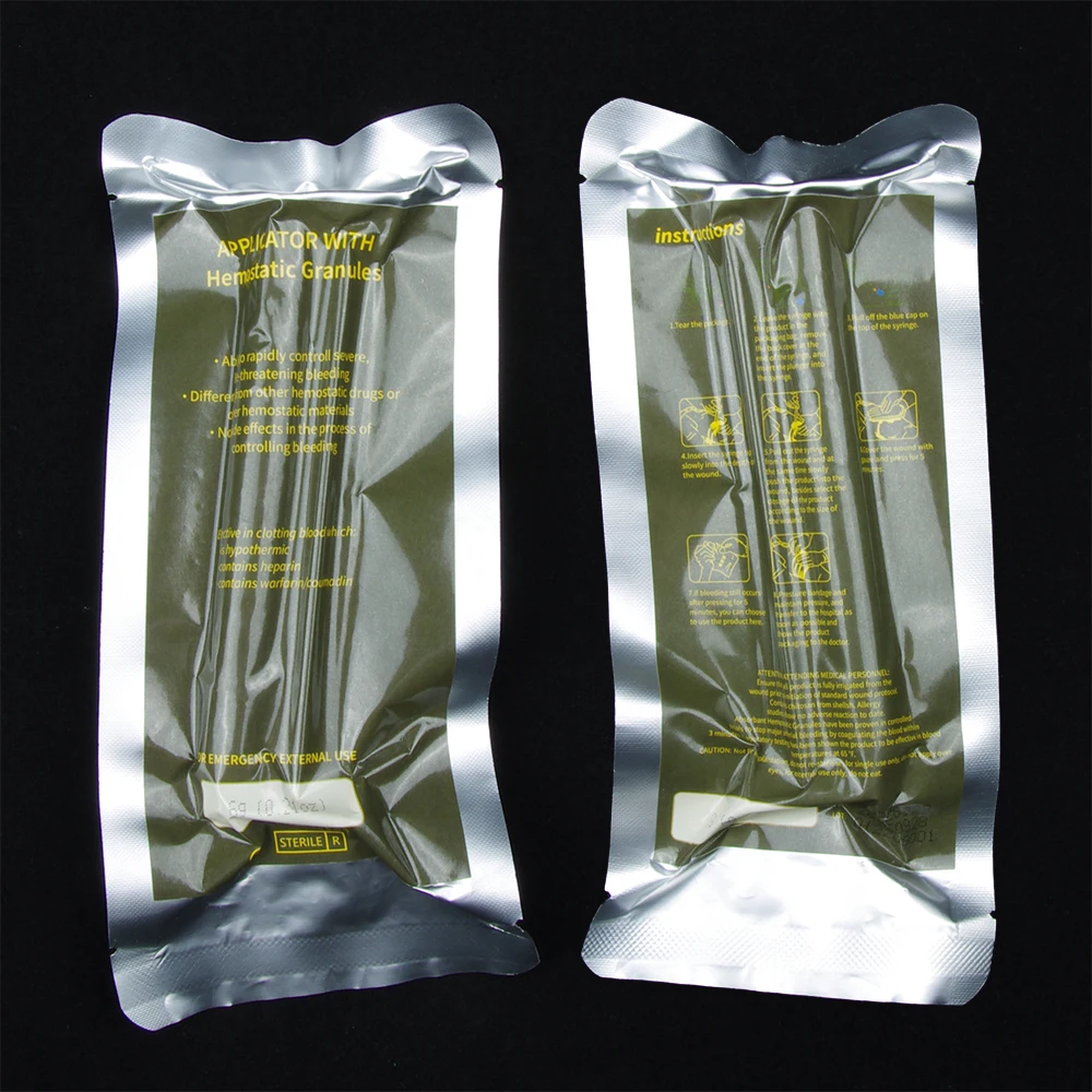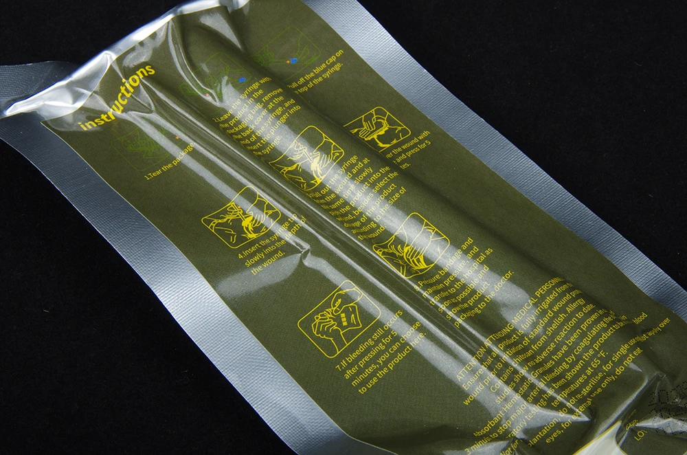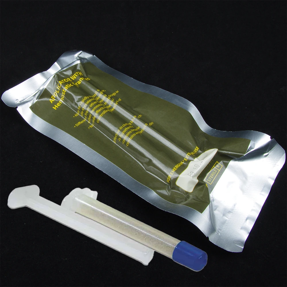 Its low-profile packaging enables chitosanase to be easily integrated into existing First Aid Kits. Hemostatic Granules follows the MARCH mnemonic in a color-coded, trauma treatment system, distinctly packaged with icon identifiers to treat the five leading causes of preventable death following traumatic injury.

--

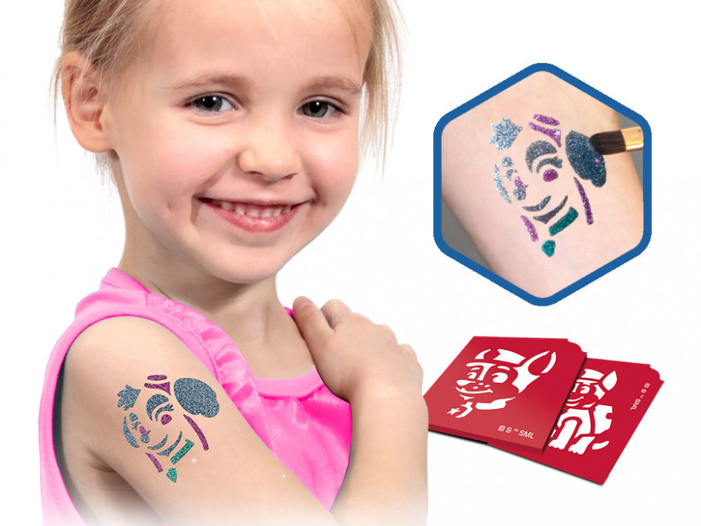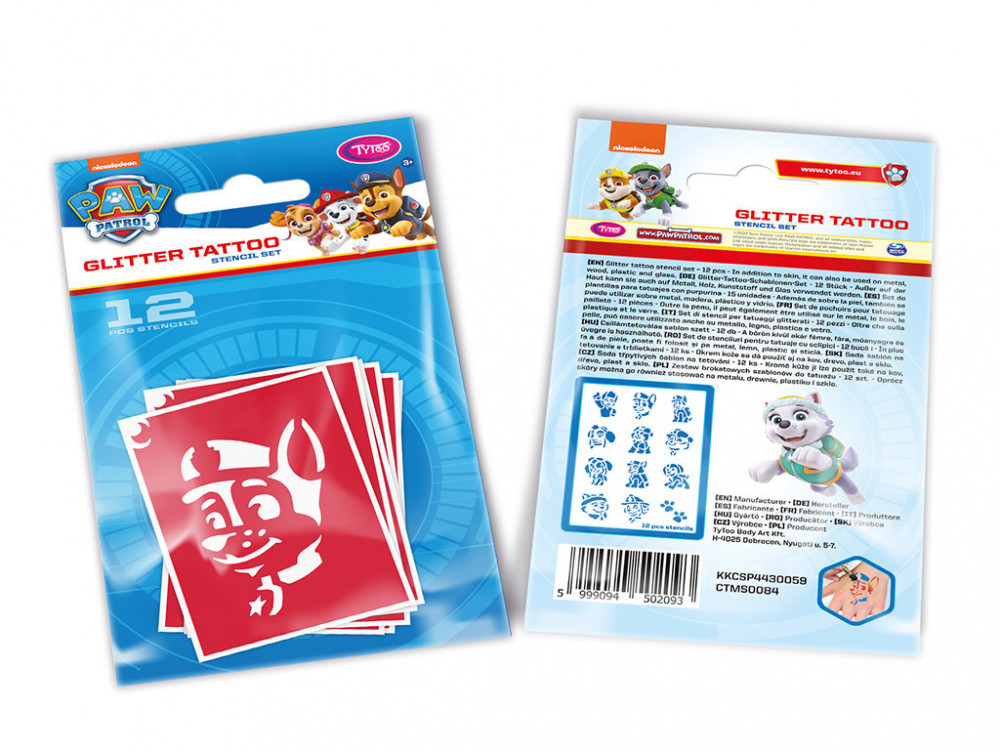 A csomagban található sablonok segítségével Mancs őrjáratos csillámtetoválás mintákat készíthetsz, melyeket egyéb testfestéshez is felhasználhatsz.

==

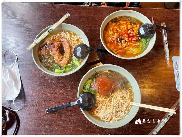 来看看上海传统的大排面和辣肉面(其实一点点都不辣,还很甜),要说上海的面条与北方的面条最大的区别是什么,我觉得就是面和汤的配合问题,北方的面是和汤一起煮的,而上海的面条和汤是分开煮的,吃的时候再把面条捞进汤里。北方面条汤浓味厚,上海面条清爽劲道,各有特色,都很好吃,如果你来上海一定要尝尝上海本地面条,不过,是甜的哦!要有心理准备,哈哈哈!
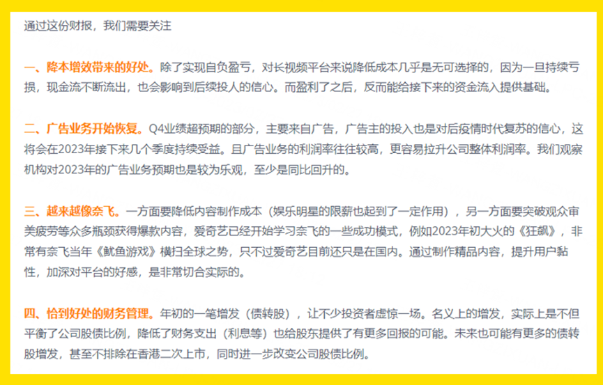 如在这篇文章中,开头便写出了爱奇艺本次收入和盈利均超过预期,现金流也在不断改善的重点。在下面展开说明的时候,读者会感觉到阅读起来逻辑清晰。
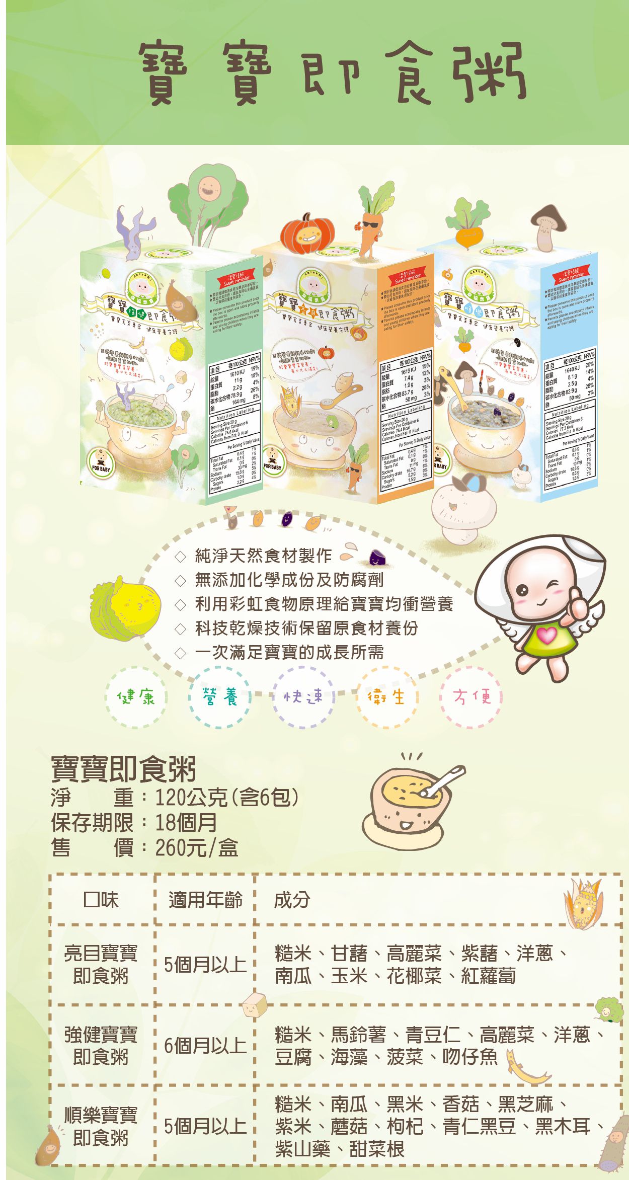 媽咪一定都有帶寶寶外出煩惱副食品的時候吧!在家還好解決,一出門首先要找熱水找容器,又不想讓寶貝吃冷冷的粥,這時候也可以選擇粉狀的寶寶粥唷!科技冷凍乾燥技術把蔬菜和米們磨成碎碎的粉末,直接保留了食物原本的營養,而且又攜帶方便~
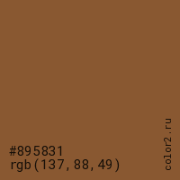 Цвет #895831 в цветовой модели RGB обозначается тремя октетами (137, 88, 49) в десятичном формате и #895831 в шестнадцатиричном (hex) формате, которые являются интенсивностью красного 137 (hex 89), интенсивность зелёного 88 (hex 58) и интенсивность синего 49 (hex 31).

**WHAT NEEDS TO BE DONE:** From the records above, write out exactly the lines that begin at the line with "媽咪一定都有帶寶寶外出煩惱副" and end at the line with "Цвет #895831 в". Pictures must not appear in the output.

**WRITTEN ANSWER:**
 媽咪一定都有帶寶寶外出煩惱副食品的時候吧!在家還好解決,一出門首先要找熱水找容器,又不想讓寶貝吃冷冷的粥,這時候也可以選擇粉狀的寶寶粥唷!科技冷凍乾燥技術把蔬菜和米們磨成碎碎的粉末,直接保留了食物原本的營養,而且又攜帶方便~
 Цвет #895831 в цветовой модели RGB обозначается тремя октетами (137, 88, 49) в десятичном формате и #895831 в шестнадцатиричном (hex) формате, которые являются интенсивностью красного 137 (hex 89), интенсивность зелёного 88 (hex 58) и интенсивность синего 49 (hex 31).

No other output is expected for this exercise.